Сосуществование мирского и церковного искусств приводило к тому, что игрища воспринимали черты некоторых христианских обрядов, а христианское богослужение перенимало известные черты игрищ. Так, в игрищах мы встречаем эпизод христианских похорон; народное венчание, выражавшееся в передаче невесты ее отцом жениху и в последующем обведении брачащихся вокруг домашнего очага или стола, контаминировалось с церковным. В русалиях изгнание русалки приурочивалось к так называемой «поминальной неделе», к церковным панихидам по умершим родным и празднованию троицына дня. В то же время в церковную живопись, вопреки христианской идеологии, входили светские, мирские сюжеты. Здесь можно встретить сцены придворного быта, изображения ипподромных ристаний, травли диких зверей, рисунки вьючных животных, наконец, сцены цирковых представлений.
Культурное развитие России после татаро-монгольского ига
Татарское иго легло на Русь тяжелым бременем. Оно разрушало хозяйство, задерживало прежде бурное развитие русской общественной и государственной жизни, оскорбляло национальное чувство, уничтожало культурные ценности. И все же завоеватели не смогли сломить русский народ. Борьба с угнетателями стимулировала объединение русских земель вокруг Москвы и формирование мощного централизованного государства. Благодаря постепенной консолидации сил русского народа завоевателям был нанесен удар на Куликовом поле в 1380 году. Однако, чтобы окончательно сбросить татарское иго, понадобилось еще не менее ста лет.
Хозяйство и культура Древней Руси в домонгольский период находились на высоком уровне. Их возрождение и бурный рост начались к XV веку. Множилось число городов, увеличивались их размеры, вновь расцветали ремесла и торговля, развивалась городская культура, росла внутренняя и внешняя торговля, восстанавливались утраченные международные связи Русского государства.
Объединение земель вокруг одного центра и развитие торговли способствовали укреплению самодержавной власти. Это нашло внешнее выражение в принятии русским великим князем царского титула. Русский царь стал в известном смысле «наследником» византийских императоров. В публицистических сочинениях Москва стала именоваться «третьим Римом», а придворный церемониал принял торжественный, пышный характер. И в жизни русской церкви наблюдались аналогичные явления. С падением Константинополя высшим блюстителем восточного (православного) христианства стала русская церковь. Внешним признаком ее возвышения было введение пышного устава богослужения и обрядности.

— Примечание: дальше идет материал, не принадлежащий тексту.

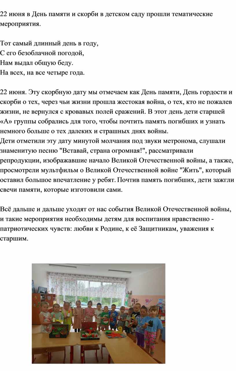 22 июня в День памяти и скорби в детском саду прошли тематические мероприятия.

Стремление к роскоши наблюдалось и в быту имущих слоев населения. Одновременно в искусстве феодальной верхушки развивалась страсть к «мудрованию», к философствованию, к аллегорическому истолкованию художественных произведений. У городских масс, наоборот, появляются первые опыты реалистический трактовки бытовой тематики. Все сильнее проникает в живопись интерес к быту, жанру, к внутренней жизни человека. Возникает интерес к эстетическим вопросам, начинаются первые теоретические споры по вопросам живописного и музыкального искусства. Те же черты характеризуют развитие литературы. Вспомним, например, такие произведения, как повести «О путешествии Иоанна Новгородского на бесе в Иерусалим», «О новгородском посаднике Щиле», «О Петре н Февронии». В жанровом отношении эти произведения еще близки к житиям святых, но строгий житийный чин в них нарушен бытовыми чертами, В связи с обострением социальной борьбы литература XV—XVI веков в целом характеризуется заостренной публицистичностью. Таковы, например, сочинения Максима Грека, Ивана Пересветова.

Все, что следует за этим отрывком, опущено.